-- ACTIVITY --
This task asks for the lines from the one with "Футболка женская с" to the final line below, repeated exactly, with pictures omitted.

-- SOURCE MATERIAL --
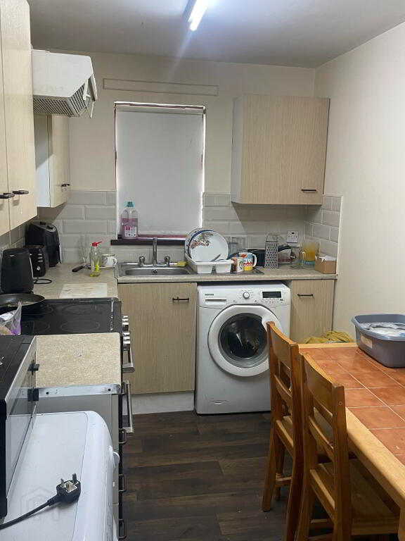 High and Low fitted units with worktop, tiled under high units, Stainless Steel Sink and side drainer, Plumbing for washing machine, Tiled flooring, Rear PVC Back Door
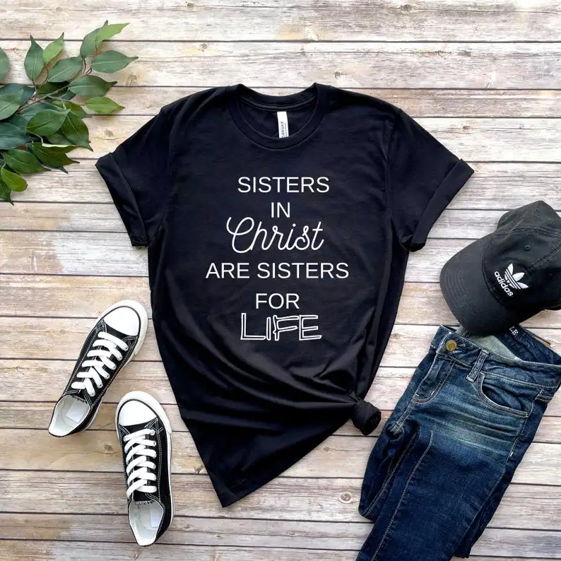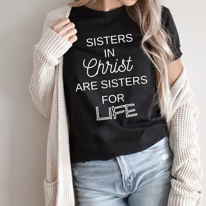 Футболка женская с круглым вырезом, смешная одежда с принтом сестры Христа и сестры для жизни, хлопковая с коротким рукавом
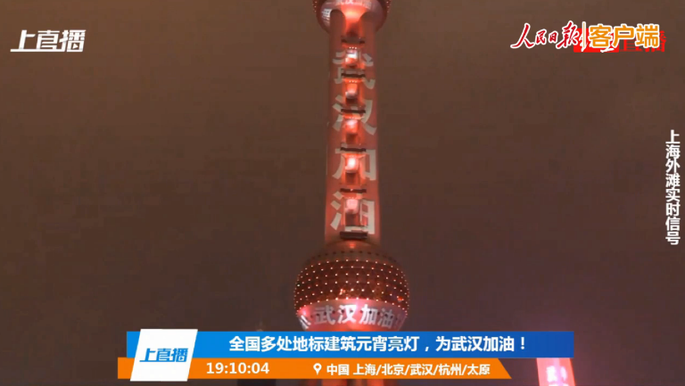 元宵战疫,团圆有时!今晚,元宵夜,全国多地地标亮灯,为武汉加油。图为上海夜景。

-- EXERCISE OUTPUT --
 Футболка женская с круглым вырезом, смешная одежда с принтом сестры Христа и сестры для жизни, хлопковая с коротким рукавом
 元宵战疫,团圆有时!今晚,元宵夜,全国多地地标亮灯,为武汉加油。图为上海夜景。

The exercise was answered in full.